What’s more, voter registration in the Hispanic community is not keeping up with the population boom. Registration has dropped off 5 percentage points since 2008, and the drop-off is even more pronounced in swing states like New Mexico, Nevada, and Florida. Hispanic turnout in 2012 may not match 2008, when Obama ran an unprecedented grassroots campaign in size and scope. He made history, too. “They had lightning in a bottle last time, and they’re not going to have it this time,’’ said Republican pollster Ed Goeas.
The NBC News/Wall Street Journal/Telemundo poll found only 68 percent of Latino voters say they are highly interested in the upcoming election, compared to 81 percent of all voters.
Goeas sees an opportunity for Romney among Hispanic voters, particularly among men. A recent nationwide survey he conducted with Democratic pollster Celinda Lake found that 54 percent of Hispanic voters approved of Romney personally, compared to 42 percent who disapproved. “While Obama might win Hispanics across the board, there are certain subgroups that will be interested in the Romney campaign,’’ Goeas said.
No wonder Obama has launched a nationwide, bilingual program called GottaVote.org that the campaign describes as a "one-stop shop" for voting information. The initiative is a response to new laws passed in a number of states that require voters to present additional identification at the polls. Critics say the new laws will disproportionately affect minorities, who were crucial to Obama's 2008 victory.

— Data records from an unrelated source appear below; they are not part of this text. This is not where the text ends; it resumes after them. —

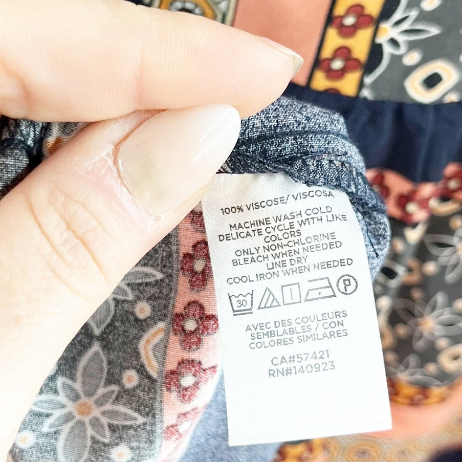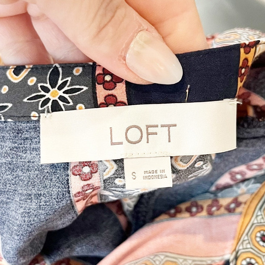LOFT Foulard Long Sleeve Striped Tunic Mini Boho Dress Blue Orange Small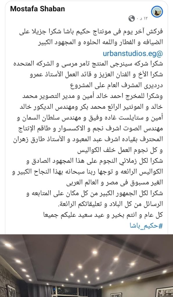 وأعرب النجم السوبر ستار مصطفى شعبان عن سعادته البالغة بالتعاون مع فريق العمل حيث كتب قائلاً: “فركش آخر يوم فى مونتاج حكيم باشا شكرا جزيلا على الضيافه و الفطار واللمه الحلوه و المجهود الكبير @urbanstudios.eg شكرا شركه سينرجى المنتج تامر مرسى و الشركه المتحده
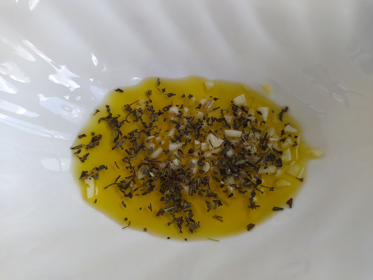 Чеснок мелко порубить, добавить в оливковое масло, туда же щепотку сушёного базилика.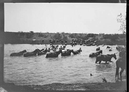 Growing up in Bonham, Texas, Erwin Smith knew he wanted to be a cowboy and an artist. The era of great trail drives was ending, and he was determined to document the open-range lifestyle before it disappeared completely. Smith gained experience by working on ranches and studying painting and sculpting at art schools in Chicago and Boston before he realized that the photographs he used as preliminary studies were works of art themselves. Between 1905 and the mid-1920s, he photographed ranch work and life in Arizona, New Mexico, and Texas, producing some of the best-known images of early 20th-century cowboy activities. The Carter holds about 150 prints by Smith, many gifted by Smith’s half-sister, Mary Alice Pettis, as well as 2,000 negatives on permanent deposit from the Library of Congress.

“The evidence strongly suggests that President Obama is on track to receive roughly the same supermajority of the Hispanic vote that he did in 2008," said William Galston, a senior fellow at the Brookings Institution. “Less clear is whether Hispanic turnout will be as high as it was four years ago, or whether the administration’s failure to deliver on the promise of immigration reform will put a lower ceiling on the Hispanic vote this time."
The president has also drawn criticism from Hispanic activists for a record-setting number of deportations. "He has a lot of ground to make up with Hispanics, so he needs to be advertising in Spanish early," said Noe Garcia, a Hispanic Republican consultant who worked for President George W. Bush and the national party. "He's lost a lot of credibility in the community."
Bottom line: The battle for the Hispanic vote is far from over. But whether Romney intends to truly compete remains to be seen.